Number of nonzero elements. This scans all active values and count non zeros

static parse(s: str)pyspark.mllib.linalg.DenseVector[source]

Parse string representation back into the DenseVector.

Examples

>>> DenseVector.parse(' [ 0.0,1.0,2.0,  3.0]')
DenseVector([0.0, 1.0, 2.0, 3.0])
squared_distance(other: Iterable[float]) → numpy.float64[source]

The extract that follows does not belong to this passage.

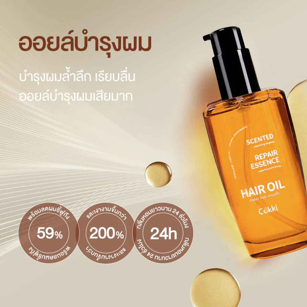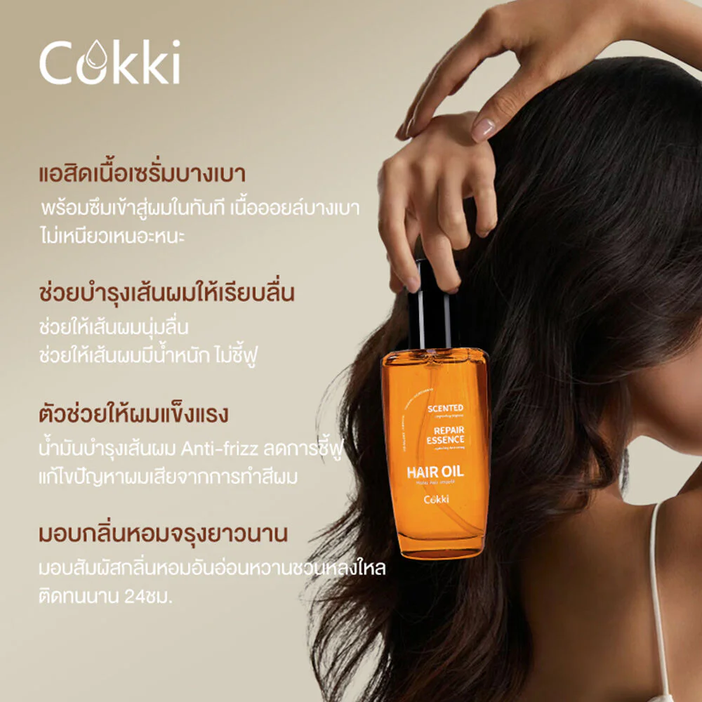 cokki Scented Repair Essence Hair Oil 100ml Hair oil helps replenish moisture to damaged hair. Enriched with plant and flower oil extracts, it nourishes hair, leaving it smooth, weighted, and frizz-free. It also provides a sweet, alluring fragrance that lasts for a long time.

Squared distance of two Vectors.

Examples

>>> dense1 = DenseVector(array.array('d', [1., 2.]))
>>> dense1.squared_distance(dense1)
0.0
>>> dense2 = np.array([2., 1.])
>>> dense1.squared_distance(dense2)
2.0
>>> dense3 = [2., 1.]
>>> dense1.squared_distance(dense3)
2.0
>>> sparse1 = SparseVector(2, [0, 1], [2., 1.])
>>> dense1.squared_distance(sparse1)
2.0
>>> dense1.squared_distance([1.,])
Traceback (most recent call last):
    ...
AssertionError: dimension mismatch
>>> dense1.squared_distance(SparseVector(1, [0,], [1.,]))
Traceback (most recent call last):
    ...
AssertionError: dimension mismatch
toArray() → numpy.ndarray[source]

Returns an numpy.ndarray

Attributes Documentation

values

Returns a list of values